Reflexiones desde Barcelona

Vengo de una familia en la que predominan los profesores. Nunca comprendía la charla que me pegaban acerca de lo satisfactorio que es la enseñanza, transmitir tus conocimientos y ver el proceso de aprendizaje reciproco que se crea entre maestro y profesor. A mi, supongo que por desconocimiento, nunca me atrajo.

Cuando María me propuso el proyecto, me asusté. ¿Clases de fotografía? ¿En inglés? ¿a Birmanos? ¿en Tailandia? ¿Con adolescentes con una cultura visual nula? ¿Estas segura? ¿Por qué no nos vamos a la playa como la gente corriente?

Después comprendí mi alto grado de error. Jamás aprendí tanto en mi vida como en esos seis meses junto a los alumnos y María.

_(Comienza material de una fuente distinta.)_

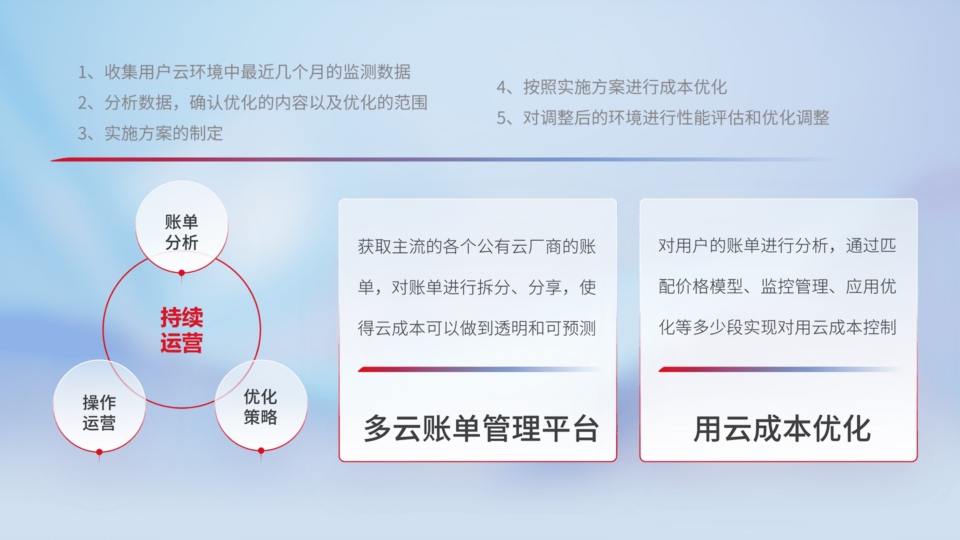 通过多云纳管,,,以统一的资源数据模型把客户的云资源进行抽象和封装,,,,进而实现对多云资源的统一操作,,保障云资源管理的可靠性、、、稳定性与可用性。。。量身定制化运维内容,,配置、、、、开发运维、、、、补丁管理、、、、备份、、、监控、、认证和访问管理、、审计和日常巡检等,,保障在用云过程中的可靠度,,稳定度以及高可用率。。。。
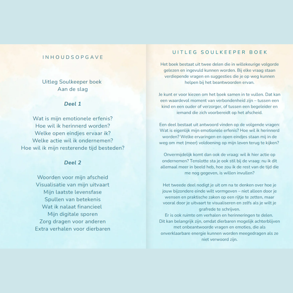 In het Soulkeeper invulboek neem je dierbaren mee door je leven – de hoogte- en dieptepunten, de momenten die ertoe deden, en de levensvragen die je bezig hebben gehouden. Ook werp je alvast een blik vooruit op wat jouw wensen zijn en wat je achterlaat als je er niet meer bent. De verhalen die raken, maar vaak onbesproken blijven.

El primer día de clase, los tenía de corbata. Muchos alumnos, demasiados, desmedido y, muy serios. Maria me tuvo que sujetar para no salir corriendo cuando todos se inclinaron para hacernos el saludo oficial que los birmanos ejecutan al unísono para recibir a los profesores al inicio de la clase.

Ahora, dos meses después de volver, comprendo la importancia de todo el proyecto que hemos vivido. Y entiendo lo que les supuso a ellos todo lo que compartimos juntos. La importancia de lo que ha sucedido ha sido el conocernos. La fotografía creo que se acabó convirtiendo en una herramienta para que esos chicos tan inexpresivos aparentemente, nos transmitieran sus vidas a través de cientos de fotos diarias.

¿Qué les enseñamos aparte de diafragma y velocidad? Pues a que ellos tienen potencial para hacer lo que se propongan. También a ser creativo en todos los aspectos de su vida. Y lo más importante, les tendimos un puente para que sean capaces de recurrir a la imaginación, una isla mental que jamás les puede ser arrebatada.

Ahora a procesar, dar a conocer el proyecto mostrando el trabajo de los alumnos y con muchas fuerzas para afrontar un segundo reto potenciando lo que funcionó y corrigiendo los muchos errores que seguro que habremos cometido y que ahora estamos valorando.

Y me quedo con una frase que nos dijeron al llegar, AYUDAR NO ES FÁCIL, y así fue, pero mereció la pena.